Note that your field pages would need to be of nested type. Otherwise using object type it wouldn't be possible for this scenario. I suggest you go through the aforementioned links to know more on this.
Let's say I have two indexes
my_book_index - This would have the documents to be searched on
my_book_index_input - This would have the documents used as input documents
Both would have mapping structure as below:
{
"mappings": {
"properties": {
"book_id":{
"type": "keyword"
},
"pages":{
"type": "nested"
}
}
}
}
Sample Documents for my_book_index:
POST my_book_index/_doc/1
{
"book_id":"book01",
"pages":[
{ "page_id":1, "words":["11", "12", "13", "14", "105"] },
{ "page_id":2, "words":["21", "22", "23", "24", "205"] },
{ "page_id":3, "words":["31", "32", "33", "34", "305"] },
{ "page_id":4, "words":["41", "42", "43", "44", "405"] }
]
}
POST my_book_index/_doc/2
{
"book_id":"book02",
"pages":[
{ "page_id":1, "words":["11", "12", "13", "104", "105"] },
{ "page_id":2, "words":["21", "22", "23", "204", "205"] },
{ "page_id":3, "words":["301", "302", "303", "304", "305"] },
{ "page_id":4, "words":["401", "402", "403", "404", "405"] }
]
}
POST my_book_index/_doc/3
{
"book_id":"book03",
"pages":[
{ "page_id":1, "words":["11", "12", "13", "100", "105"] },
{ "page_id":2, "words":["21", "22", "23", "200", "205"] },
{ "page_id":3, "words":["301", "302", "303", "300", "305"] },
{ "page_id":4, "words":["401", "402", "403", "400", "405"] }
]
}
Sample Document for my_book_index_input:
POST my_book_index_input/_doc/1
{
"book_id":"book_new",
"pages":[
{ "page_id":1, "words":["11", "12", "13", "14", "15"] },
{ "page_id":2, "words":["21", "22", "23", "24", "25"] }
]
}
More Like This Query:
Use Case: Basically I am interested in finding documents which would be similar to the above documents having 4 matches in page 1 or 4 matches in page 2
POST my_book_index/_search
{
"size": 10,
"_source": "book_id",
"query": {
"nested": {
"path": "pages",
"query": {
"more_like_this" : {
"fields" : ["pages.words"],
"like" : [
{
"_index": "my_book_index_input",
"_id": 1
}
],
"min_term_freq" : 1,
"min_doc_freq": 1,
"max_query_terms" : 25,
"minimum_should_match": 4
}
},
"inner_hits": {
"_source": ["pages.page_id", "pages.words"]
}
}
}
}
Basically I want to search in my_book_index all the documents that are similar to _doc:1 in the index my_book_index_input.

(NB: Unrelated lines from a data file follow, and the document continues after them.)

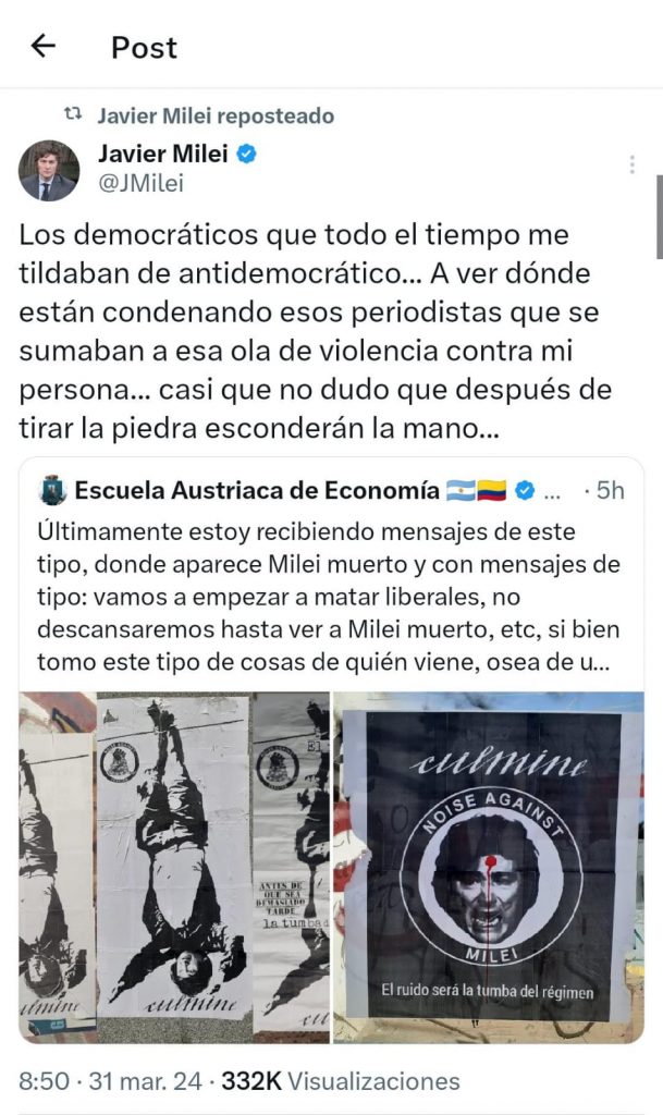 Todo esto se dio por un posteo de la cuenta “Escuela Austríaca de Economía”, que denunciaba recibir “mensajes de este tipo, donde aparece Milei muerto o con mensajes de tipo: vamos a matar liberales, no descansaremos hasta ver a Milei muerto, etc. Si bien tomo este tipo de cosas de quien viene, o sea de unos imbéciles, a veces toca tener cierto reparo”.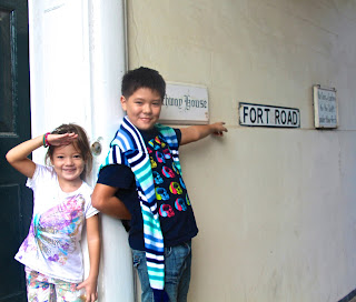 OK means nothing really – Ollie and Amy pointing at a road sign. This is the small road to Bleak House. Funny is that this very road is the road that takes us from the motorway to our road where we live of Tanjong Road. Fort Road it seems is global.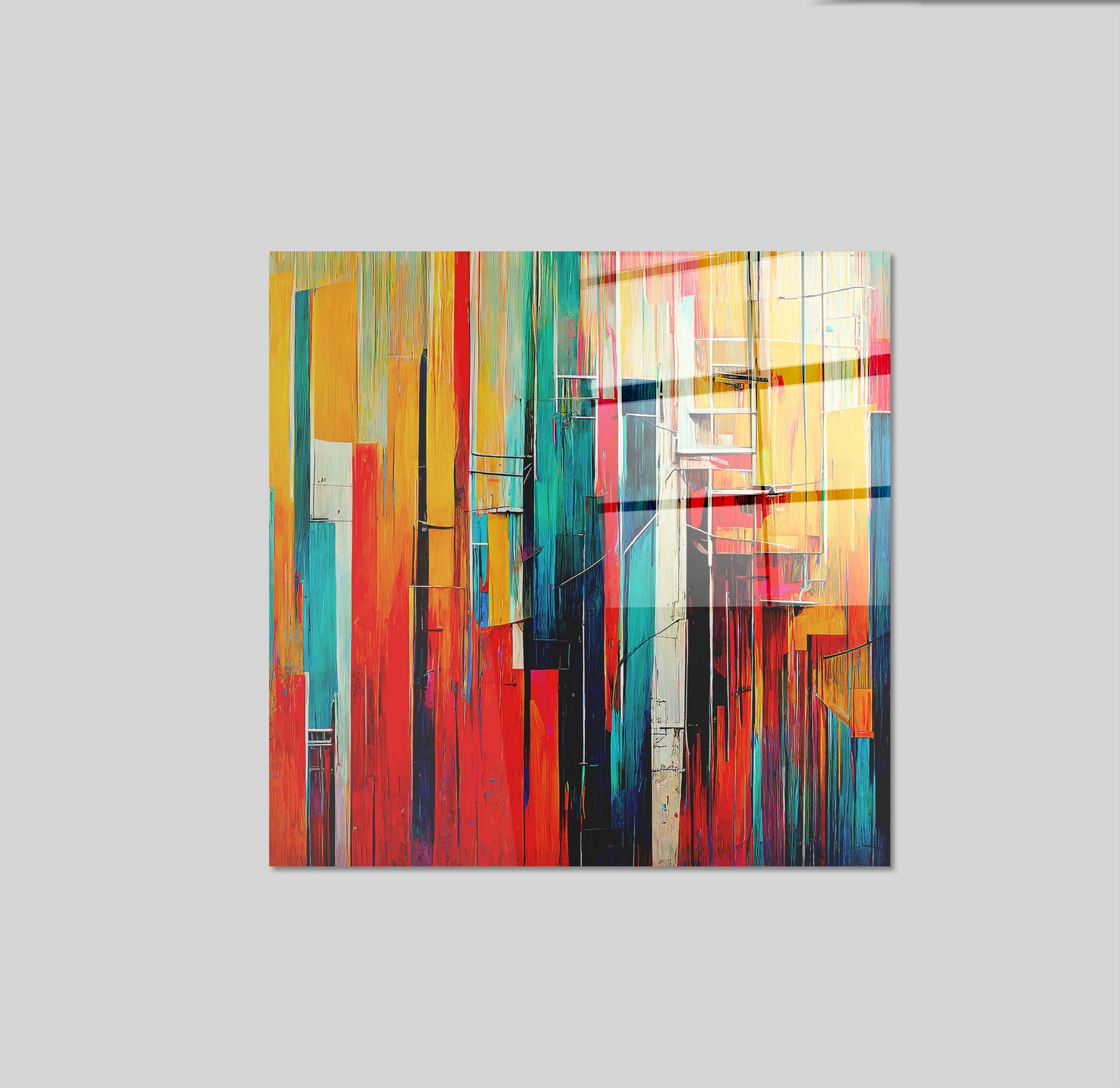 Arte em Vidro Temperado Multicolor 70x70cm - Pintura Decorativa de Alta Qualidade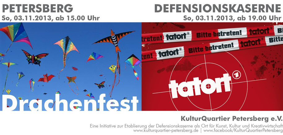 Wir hoffen, dass auch ihr Lust habt, den Petersberg herbstlich zu beleben, die Drachen über der Stadt steigen zu lassen und anschließend gemeinsam den Erfurter TATORT in einem der Drehorte zu schauen.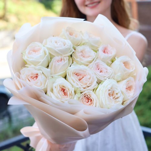 Букет белых пионовидных роз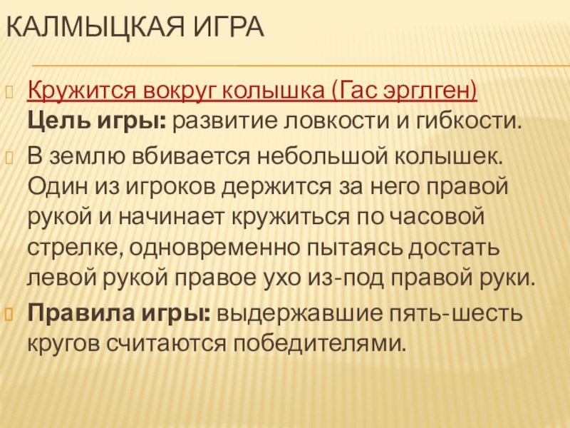 Калмыцкая игрАКружится вокруг колышка (Гас эрглген) Цель игры: развитие ловкости и гибкости.В землю вбивается небольшой колышек. Один из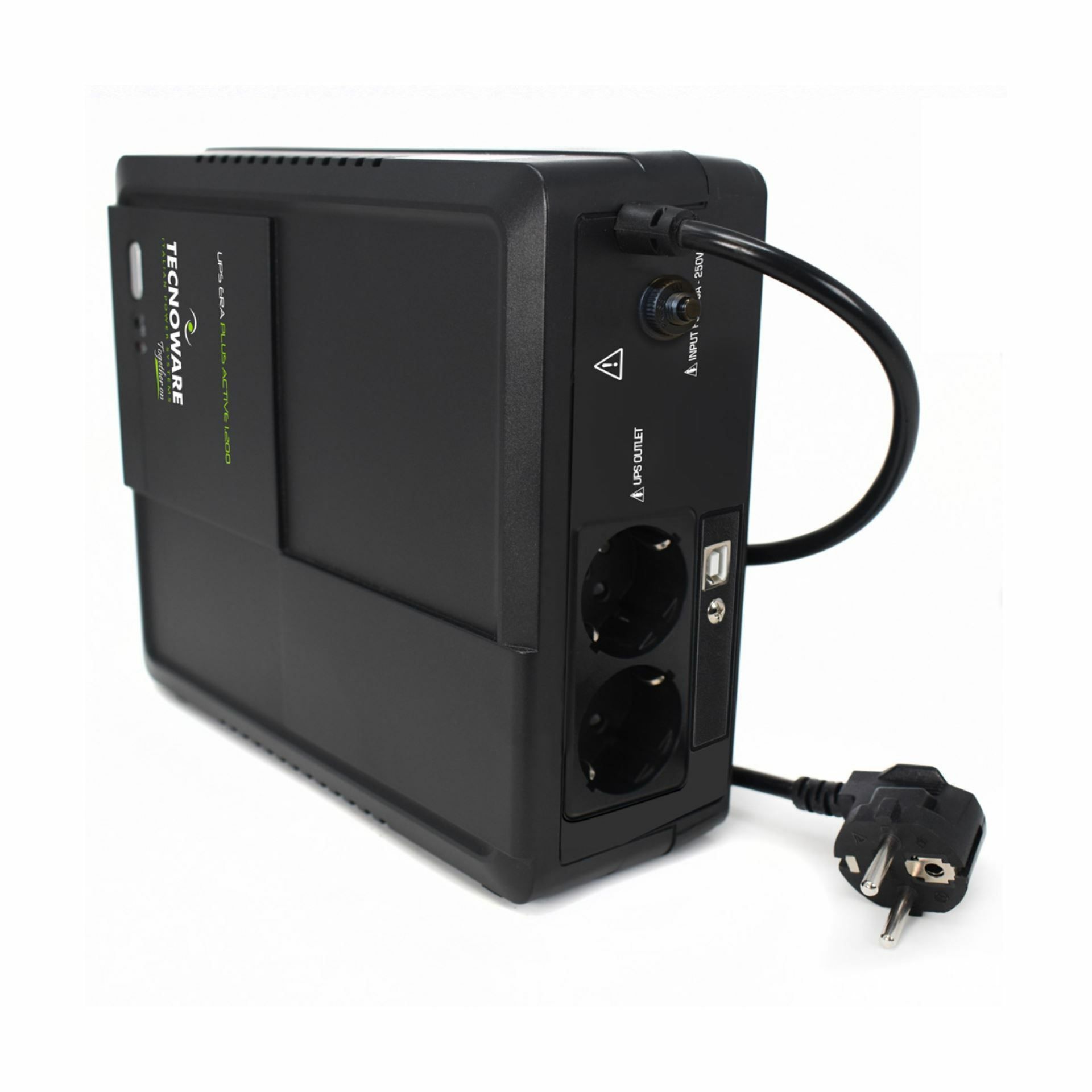 Tecnoware UPS ERA PLUS ACTIVE 1200VA je sistem brezprekinitvenega napajanja za računalniške naprave z 1200VA/840W nazivne moči. Opremljen je z dvema "Šuko" vtičnicama. Ponuja do 40 minut delovanja z manjšimi porabniki brez napajanja oz. odvisno od obremenitve.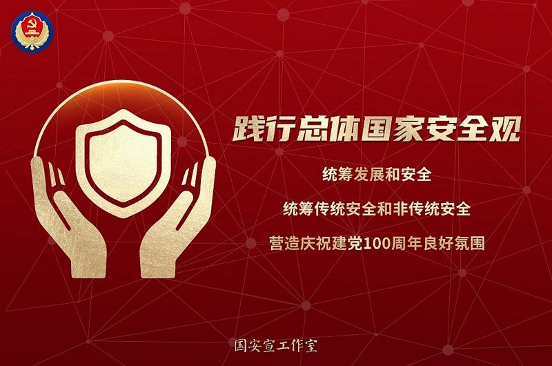 践行总体国家安全观,统筹发展和安全,统筹传统安全和非传统安全,营造庆祝建党100周年良好氛围。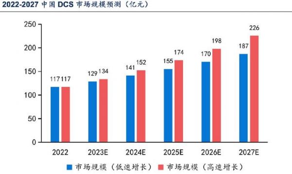 根据数据,2023-2027年国内DCS市场年增长率将维持在9.8%-14%,依此测算2027年DCS市场规模区间为187-226亿元。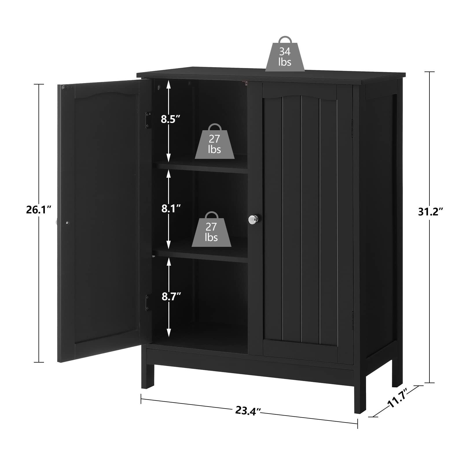 - Better Integrate Into Your Home eclectic, stylish and minimalist. No matter whatever your home style is, our bathroom cabinet will perfectly match well with it. Designed with aesthetics and functionality in mind, enjoy the striking contrast between the beautiful black finish and silvery knobs.

Notice each and every parameter in the query. I'd suggest you go through line by line to understand all this.
Note the response below when you execute that query:
Response:
{
"took" : 71,
"timed_out" : false,
"_shards" : {
"total" : 1,
"successful" : 1,
"skipped" : 0,
"failed" : 0
},
"hits" : {
"total" : {
"value" : 1,
"relation" : "eq"
},
"max_score" : 6.096043,
"hits" : [
{
"_index" : "my_book_index",
"_type" : "_doc",
"_id" : "1",
"_score" : 6.096043,
"_source" : {
"book_id" : "book01" <---- Document 1 returns
},
"inner_hits" : {
"pages" : {
"hits" : {
"total" : {
"value" : 2, <---- Number of pages hit for this document
"relation" : "eq"
},
"max_score" : 6.096043,
"hits" : [
{
"_index" : "my_book_index",
"_type" : "_doc",
"_id" : "1",
"_nested" : {
"field" : "pages",
"offset" : 0
},
"_score" : 6.096043,
"_source" : {
"page_id" : 1, <---- Page 1 returns as it has 4 matches
"words" : [
"11",
"12",
"13",
"14",
"105"
]
}
},
{
"_index" : "my_book_index",
"_type" : "_doc",
"_id" : "1",
"_nested" : {
"field" : "pages",
"offset" : 1
},
"_score" : 6.096043,
"_source" : {
"page_id" : 2, <--- Page 2 returns as it also has 4 matches
"words" : [
"21",
"22",
"23",
"24",
"205"
]
}
}
]
}
}
}
}
]
}
}
Note that only document with book_id: 1 returned. The reason is simple. I've mentioned the below properties in the query:
"min_term_freq" : 1,
"min_doc_freq": 1,
"max_query_terms" : 25,
"minimum_should_match": 4
Basically, only consider those terms to search from input document whose term freq is 1, which is available in min of 1 documents, and the number of matches in one nested document should be 4.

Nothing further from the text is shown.